Then there is Magna Carta, also law in New Zealand, which says, " No freeman shall be..... exiled......but by the lawful judgment of his peers or by the law of the land."

Effectively, the children were exiled and the Immigration Service paid for their fares back to Germany into exile.

Despite being made aware of the new evidence before the family was deported, Tuariki Delamere was not interested, closed the matter and was not prepared to enter into any further correspondence.

The Rt Hon Chief Justice, Sian Elias, being also made aware of the full facts, wrote in a letter to me dated 21 July 1999 - " The arguments you raise might perhaps be available on an application for re-hearing."

Great, an opportunity to redress what appears to be a gross miscarriage of justice against the Schier children and their parents.

But they have no money to appeal and although they want to return it is not realistically possible.

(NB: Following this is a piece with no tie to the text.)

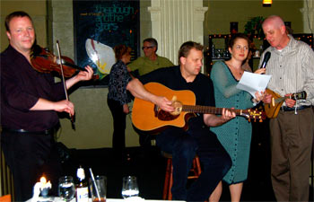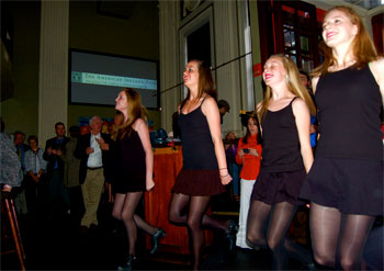 The Plough and the Stars restaurant hosted the event and 40 people enjoyed being a part of the story. Music, dancing, the wait staff in period costumes, dramatic readings, vocal solos and a backdrop of scenes from John Huston’s 1940 film version provided the festive atmosphere.

>From Petra's letter Mr Schier is apparently working 17 hours a day, travels an hour each way to his job, they live in an apartment with second-hand furniture and two of the three children are having difficulty making friends and adjusting to an unfamiliar country and language.

Mrs Schier writes, " The children hadn't seen their dad in three months, but now lived in a strange place where they couldn't communicate (or were afraid of speaking in case of failing to say the right thing) and without friends and familiar faces."

" Normally Bianca would be in year 3 at school but she would never have coped so I put her in year 2. Therefore, she is an alien in her class. Plus all the other children have known each other from the previous year and so Bianca has a hard time to find a friend. She is shy and has problems to express herself. (kids are cruel to each other) Marina has now made a friend but we did have some problems at first with crying because she did not understand the instructions," Mrs Schier wrote.

The letter is not meant to be a sob-story because there are positives in it as well.

It is, however, a cry for justice.

Contrast this case with the treatment by our court system of the American billionaire who actually imported drugs into this country.

Blackstone said, "It is better that ten guilty persons escape than one innocent suffer."